Posted March 15, 2010

3 comments posted. Read them now.

The math world has rocked the global pothead community by announcing that the Lewis Carrol classic Alice's Adventures in Wonderland is in fact a satire about math. This can only be seen as retribution for being uncool.

Totally square and boring news outlets like The New York Times, which is like so long – and would be much better if they made it from rolling papers so you could actually reuse it – and National Public Radio have finally debunked the totally rad notion that the book was an instructional manual to the ultimate trip.

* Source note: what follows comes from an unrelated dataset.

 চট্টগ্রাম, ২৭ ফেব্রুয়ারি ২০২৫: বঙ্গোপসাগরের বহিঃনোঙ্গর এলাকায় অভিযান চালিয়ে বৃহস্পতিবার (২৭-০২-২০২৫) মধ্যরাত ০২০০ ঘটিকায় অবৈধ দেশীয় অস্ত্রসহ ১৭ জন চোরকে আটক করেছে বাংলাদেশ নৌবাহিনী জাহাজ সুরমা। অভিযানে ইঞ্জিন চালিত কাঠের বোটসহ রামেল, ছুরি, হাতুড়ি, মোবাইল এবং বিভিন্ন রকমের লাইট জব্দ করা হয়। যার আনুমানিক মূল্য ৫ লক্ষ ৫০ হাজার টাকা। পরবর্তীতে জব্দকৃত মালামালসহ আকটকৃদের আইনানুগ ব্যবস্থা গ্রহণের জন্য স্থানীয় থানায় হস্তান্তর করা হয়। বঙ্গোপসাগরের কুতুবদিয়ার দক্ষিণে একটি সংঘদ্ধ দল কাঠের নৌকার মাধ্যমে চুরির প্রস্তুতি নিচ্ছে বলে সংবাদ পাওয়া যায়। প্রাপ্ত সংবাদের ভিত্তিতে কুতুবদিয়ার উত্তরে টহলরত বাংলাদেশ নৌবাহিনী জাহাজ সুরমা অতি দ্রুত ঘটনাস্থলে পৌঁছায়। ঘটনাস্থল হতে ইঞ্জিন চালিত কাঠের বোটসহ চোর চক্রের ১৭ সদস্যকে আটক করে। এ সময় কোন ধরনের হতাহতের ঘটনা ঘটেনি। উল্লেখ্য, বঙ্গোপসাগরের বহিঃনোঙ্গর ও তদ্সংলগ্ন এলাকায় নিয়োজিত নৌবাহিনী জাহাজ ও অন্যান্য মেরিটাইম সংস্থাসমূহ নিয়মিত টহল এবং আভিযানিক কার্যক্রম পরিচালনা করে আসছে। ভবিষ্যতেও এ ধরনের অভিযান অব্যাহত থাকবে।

The Looking Glass is no longer a door to perception.
The Times reports that Lewis Carrol, who was actually mathematician Charles Dodgson, was satirizing new ideas in Victorian Algebra. The famous tea party, long considered by watchers of Disney's Fantasia to indicate a slang term for a marijuana-smoking session, actually stands for t for time, and the Mad Hatter, the Hare and the Dormouse are debating the finer points of quaternions, a number system used to calculate motion?

This is fully a downer.

"It's about algebra?" asked Jellybean Starchild, who was scraping her bong in a break from her job making jewelry from spare Rubic's Cube pieces. "I hadn't heard that. I mean, all the stuff about mushrooms, and the hallucinogenic caterpillar smoking a hookah. That was math?

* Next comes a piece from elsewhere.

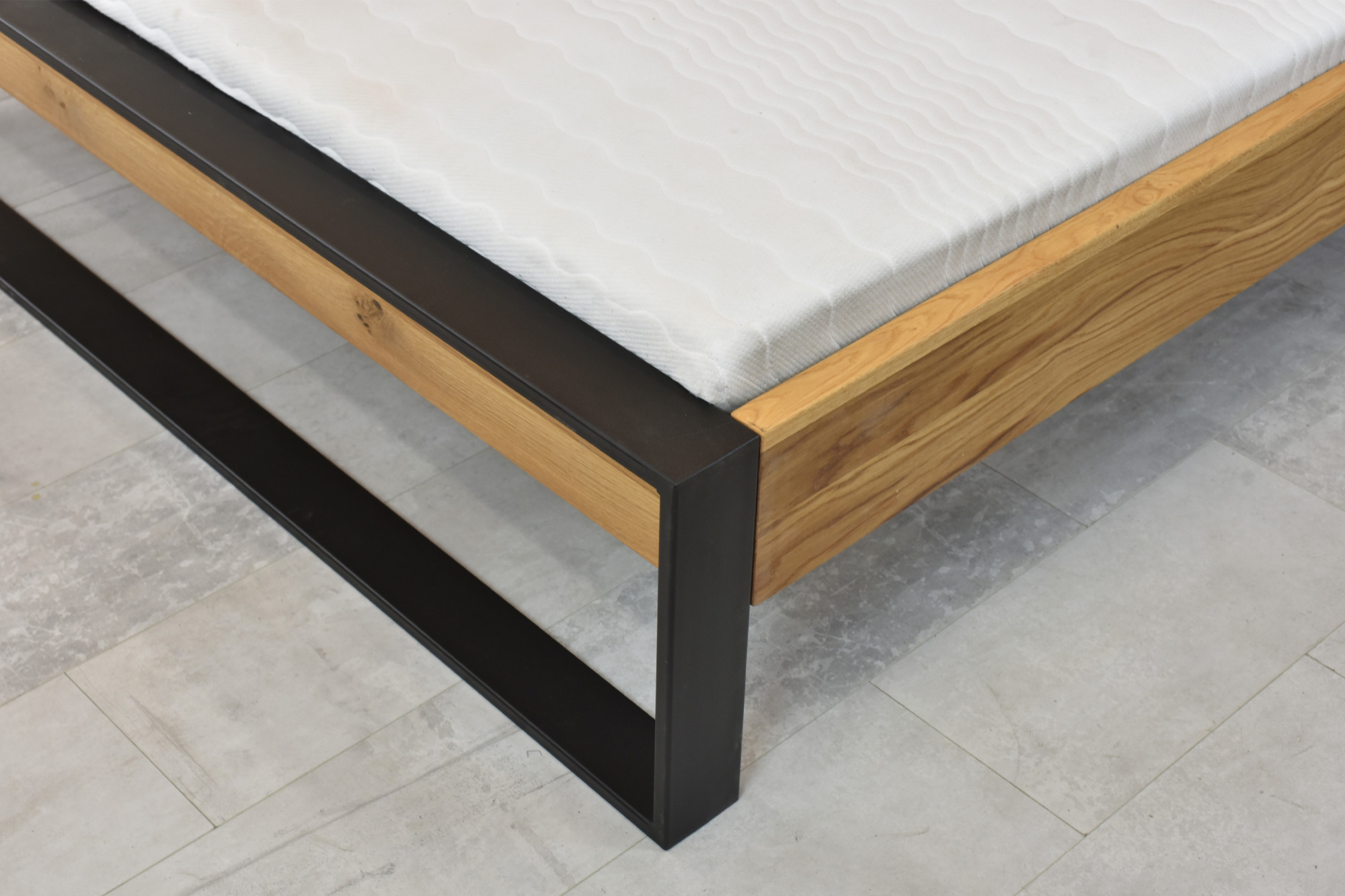 Das Eichen-Doppelbett FARO in der Matratzengröße 180 × 200 cm verbindet die Eleganz von natürlichem Massivholz mit modernem Industriestil. Der Bettrahmen ist aus hochwertigem Eichenholz gefertigt und FSC-zertifiziert FSC, was seinen ökologischen Ursprung und Umweltfreundlichkeit garantiert. Die Holzoberfläche ist mit natürlichem Öl behandelt, das die schöne Maserung der Eiche hervorhebt und gleichzeitig das Material vor täglichem Verschleiß schützt. Metallbeine in mattschwarzer Farbe verleihen dem Bett Stabilität und ein originelles Aussehen, das sowohl in moderne als auch klassische Innenräume passt.

"It's like Lewis Carrol was taunting us."

Other stoners have called to rally against this fully lame news. Take Back the High is a new national group which has organized rallies around the traditional, and by traditional we mean cool stoner interpretation, of Alice in Wonderland, but nobody seems to remember when and where the protests are supposed to happen.

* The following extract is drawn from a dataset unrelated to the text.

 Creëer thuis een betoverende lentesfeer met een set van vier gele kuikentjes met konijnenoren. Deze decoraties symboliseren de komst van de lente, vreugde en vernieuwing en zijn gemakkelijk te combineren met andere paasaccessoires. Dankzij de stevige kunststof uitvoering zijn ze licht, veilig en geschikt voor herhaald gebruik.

"I'm in a funk jam band called Jabberwock," said Guitar Center employee Andy Barnes. "It had that sort of, you know, classic psychedelic name to it. Now we might as well change it to the Negative Square Roots.

Jefferson Airplane/Starship/Dirigible singer Grace Slick was not at all surprised about the news. The singer of 1960's psychedelic anthem "White Rabbit" had only this to say: "of course it's about algebra. What the hell did you think "feed your head" was supposed to mean?"